I have a test soon.. and I really need to know how to do this problem.. please help!!!
lim as x-->0 sin^2(x)/tan(x^2)
the answer is 1, but I have no clue how to get that!
Use series expansions. Look up Taylor expansion on google and study that topic first.
Using series expansion techniques these limit problems become pretty trivial. For x in a neighborhood of zero:
Sin(x) = x + O(x^3) ---->
sin^2(x) = x^2 + O(x^4)
tan(x) = x + O(x^3) -->
tan(x^2) = x^2 + O(x^6)
And you see that:
sin^2(x)/tan(x^2) = 1 + O(x^4)
So, the limit is 1
To solve this problem, you can use series expansions to simplify the expression. A series expansion is a way to represent a function as an infinite sum of terms. In this case, we can use the Taylor expansion to approximate the functions involved.
First, let's look at the series expansion of sine function:
sin(x) = x - (x^3)/3! + (x^5)/5! - (x^7)/7! + ...
Using only the first term of the expansion, we have:
sin(x) ≈ x
Next, let's look at the series expansion of tangent function:
tan(x) = x + (x^3)/3 + (2x^5)/15 + (17x^7)/315 + ...

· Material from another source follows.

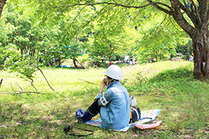 自然に癒やされながらおにぎりを食べるご機嫌な広報B。

Again, using only the first term of the expansion, we have:
tan(x) ≈ x
Now, let's apply these approximations to the expression:
sin^2(x)/tan(x^2)
≈ (x^2)/(x^2)
= 1
Therefore, the limit as x approaches 0 of sin^2(x)/tan(x^2) is equal to 1.
This approach of using series expansions is a powerful tool to simplify complicated mathematical expressions and evaluate limits. It's always useful to study and understand Taylor expansions to better tackle such problems.